Emergency Service Officials Rethink Escape Plan in Light of Draft Tsunami Inundation Zones

Chief Mullican speaks to the Kodiak Island Local Emergency Planning Committee. Kayla Desroches/KMXT
Chief Mullican speaks to the Kodiak Island Local Emergency Planning Committee. Kayla Desroches/KMXT

Kayla Desroches/KMXT

People around coastal Alaska are looking at how draft tsunami inundation maps could affect their communities. New data from the state’s Division of Homeland Security and Emergency Management means that the 100-foot-line – or the boundary of the inundation zone – may be moved.

Kodiak Fire Chief Jim Mullican spoke to members of the Kodiak Island Local Emergency Planning Committee Tuesday afternoon. He said part of the challenge is informing the public about what a difference a short distance could make in the case of a tsunami: a person could be safe in one spot and then in danger again two blocks over.

Mullican shared some maps that show how the tsunami inundation zones move after the new data is applied.

“Once they come and say ‘Here are your lines,’ then we have to figure out on the emergency management side through utilizing the LAPC and many other outlets, how do we get the information out to the public so that they understand this? Because it changes a lot of old time knowledge that’s been passed down from the elders.”

Mullican said after a tsunami strikes, emergency service providers need to be aware of what modes of transportation will be open to them, if any. In Kodiak, the new maps show Benny Benson state Airport is threatened.

“You look at the lines, the airport is almost entirely inundated in the worst case scenario. So, the airport gets hit, the wave comes in, even when the water recedes, we’re not going to be able to land planes on it until they’ve been certified that they can land the aircraft. So, there again that adds into the need for our own resiliency here to be able to support ourselves until such time that things can get going again.”

In the case that residents can’t exit by airplane, they need to think about how to feed and shelter people. He said emergency service officials need to talk to each other and consult with their counterparts in state agencies to figure out how they might get supplies to the island when disaster strikes.

The time people have to get to safety varies. Mullican said tsunamis generated in the Gulf of Alaska, for instance, can strike the city with very little warning.

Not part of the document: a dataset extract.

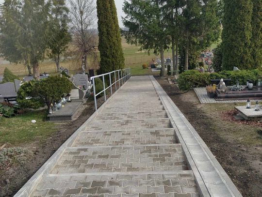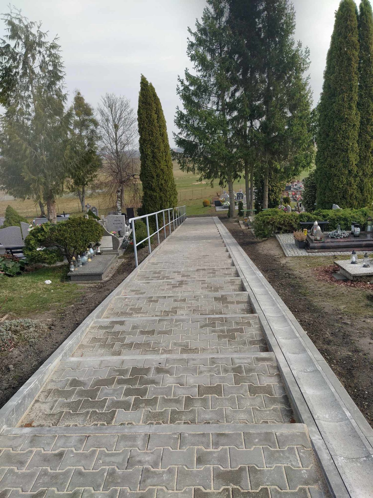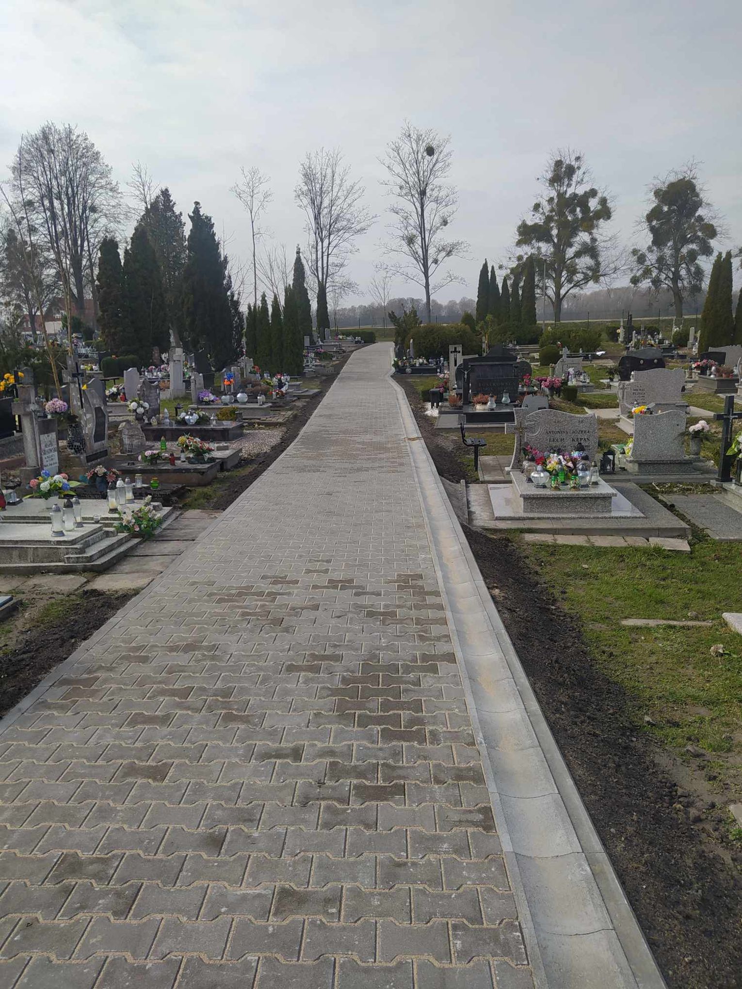 W ramach zadania, wyłoniony w drodze zapytania ofertowego Wykonawca - Usługi Brukarskie S.C. Mariusz Stankiewicz, Krzysztof Kuźma z siedzibą w Elblągu wykonał kolejny etap modernizacji cmentarza komunalnego

But, in the best case scenario, residents would have a few hours.

“If we’re lucky and the warning comes from – okay, this was an event in Peru, now we have a lot of time to be able to get information out via the radio stations, get information out via the tsunami sirens, to get the public moving so that when it gets here 6 hours, 8 hours later, we’re very much prepared for it.”

The unpredictable nature of tsunamis means emergency services need to be on top of new data like updated inundation zone boundaries.

Mullican said the state may finalize the inundation maps by the end of the year, although maybe later.